Dataset items
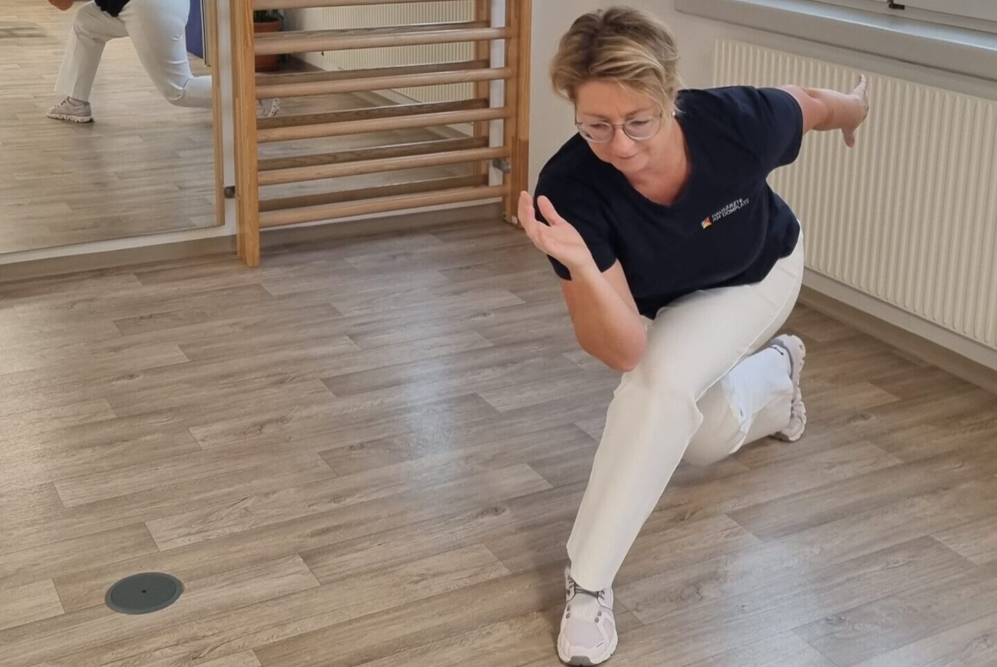 LANGSAM BEGINNEN – erst wenn der Bewegungsablauf sitzt in den Sprungmodus wechseln. Wenn das gut klappt, von einer Position in die andere springen – hin und her – die Arme wechseln sich dabei pendelnd ab. So entsteht eine Bewegung, die an Eisschnellläufer auf der Bahn erinnert
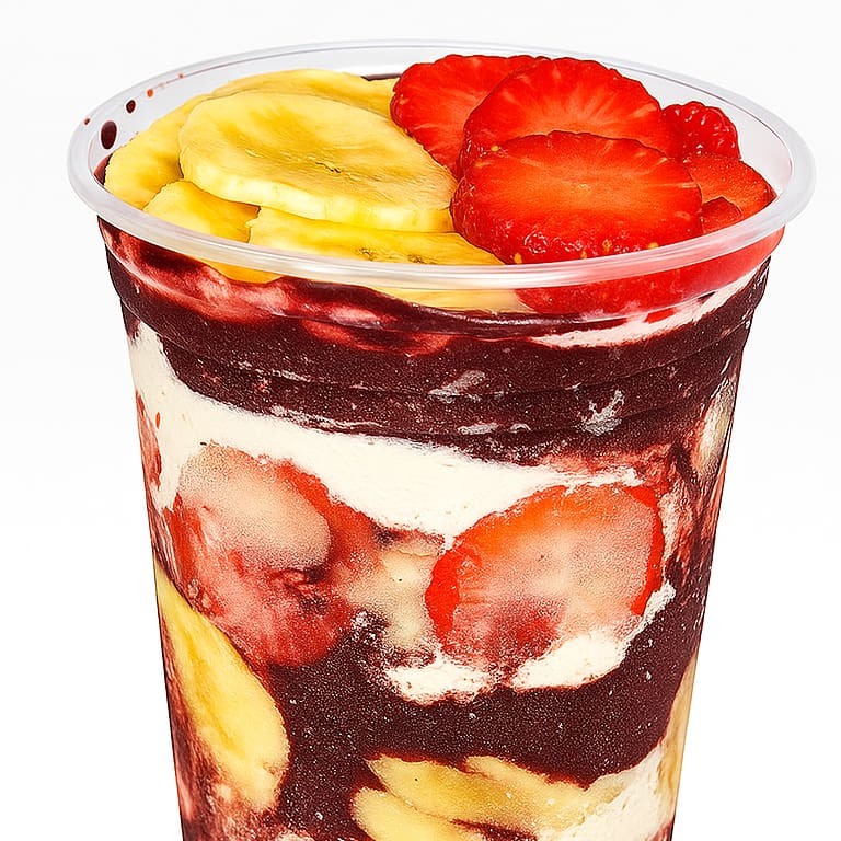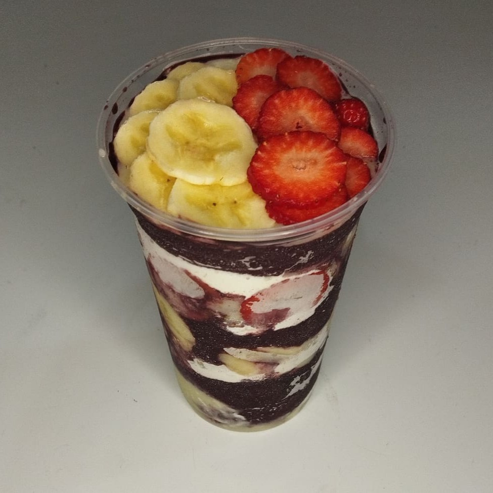 Açaí com banana, morango, granola, leite em pó e leite condensado.
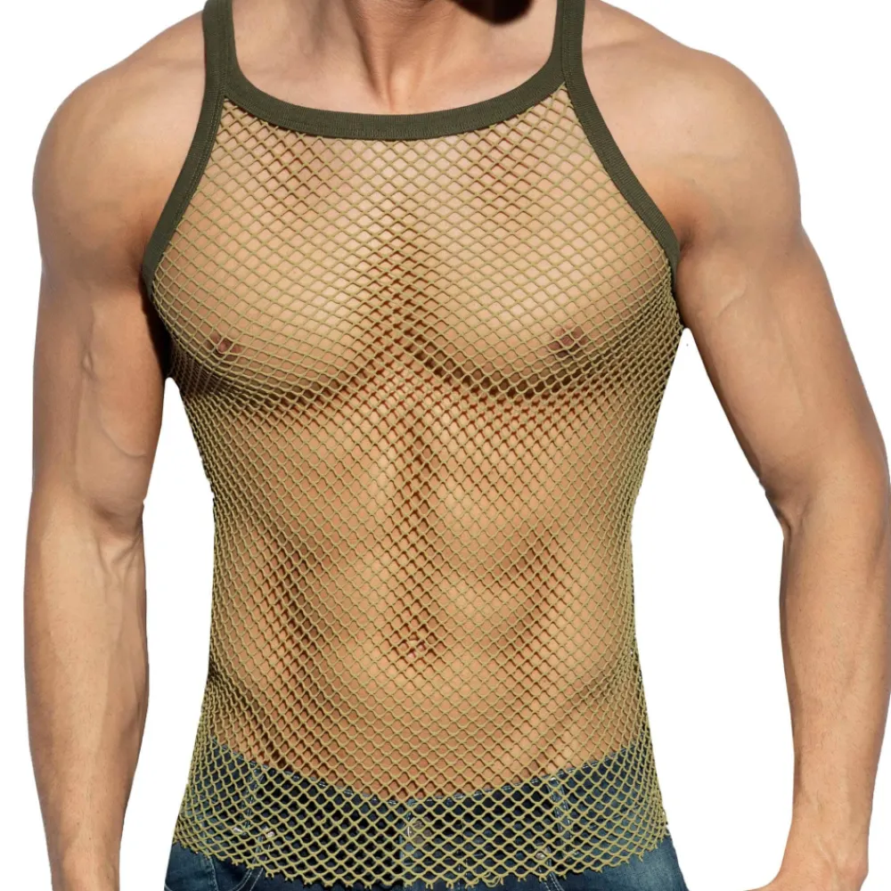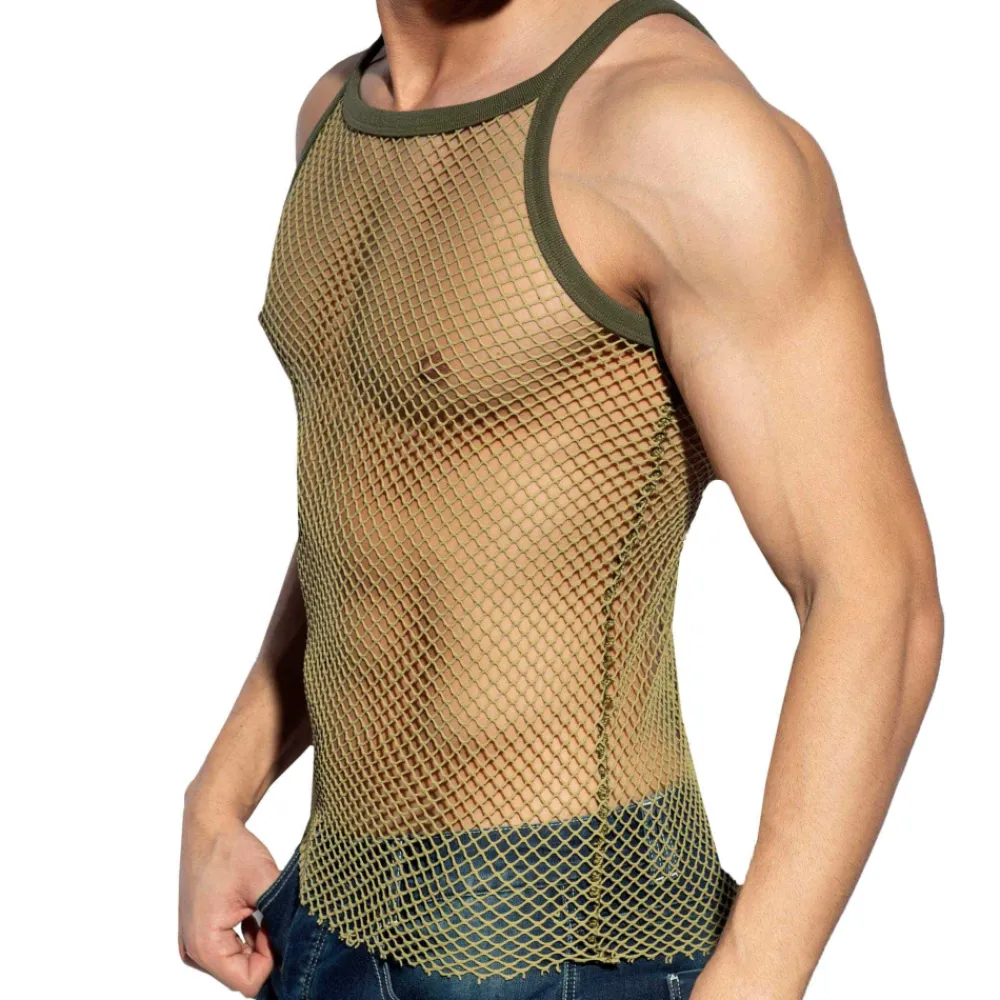 Débardeur très sexy en résille extensible et robuste à maillage large, façon filet de pêche. Coupe ajustée avec col carré. Fines bretelles. Etiquette ES Collection en silicone dans le dos.
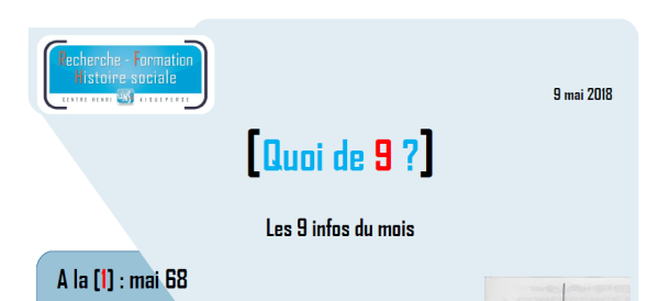 Mai 68, des jeunes invisibles, le regard des Français sur la culture… parmi les 9 infos de ce mois à retrouver dans [Quoi de 9 ?], la lettre mensuelle du Centre Henri Aigueperse : quoi de neuf mai 2018
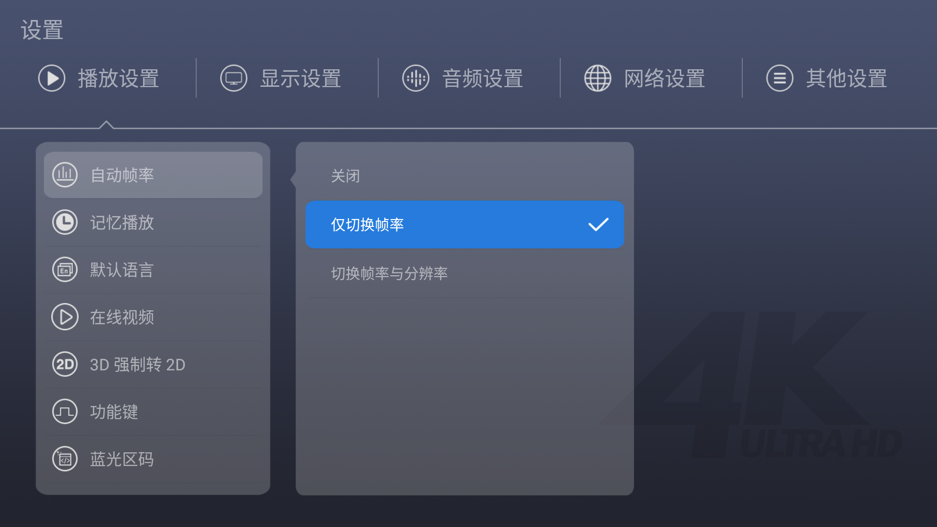 3、进入快捷设置,选择播放设置----自动帧率----仅切换自动帧率
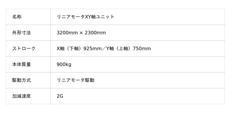 <高速・高精度 「リニアモータXY軸ユニット」の仕様>
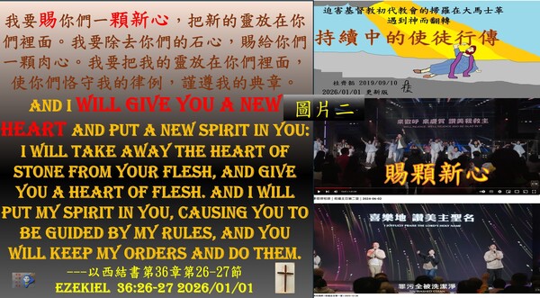 01月01日精選禱讀經文Pray-Reading Verse(s):以西結書第36章第26-27節:[我要賜你們一顆新心,把新的靈放在你們裡面。我要除去你們的石心,賜給你們一顆肉心。我要把我的靈放在你們裡面,使你們恪守我的律例,謹遵我的典章。And I will give you a new heart and put a new spirit in you: I will take away the heart of stone from your flesh, and give you a heart of flesh. And I will put my spirit in you, causing you to be guided by my rules, and you will keep my orders and do them. Ezekiel 36:26-27]

[YOUR TASK] In the records above, find the line with "Débardeur très sexy" and the line with "<高速・高精度 「リニアモータXY軸ユニット」の仕様>". Write out exactly those lines and every one between, with no pictures and no other lines.

[ANSWER TO THE EXERCISE]
 Débardeur très sexy en résille extensible et robuste à maillage large, façon filet de pêche. Coupe ajustée avec col carré. Fines bretelles. Etiquette ES Collection en silicone dans le dos.
 Mai 68, des jeunes invisibles, le regard des Français sur la culture… parmi les 9 infos de ce mois à retrouver dans [Quoi de 9 ?], la lettre mensuelle du Centre Henri Aigueperse : quoi de neuf mai 2018
 3、进入快捷设置,选择播放设置----自动帧率----仅切换自动帧率
 <高速・高精度 「リニアモータXY軸ユニット」の仕様>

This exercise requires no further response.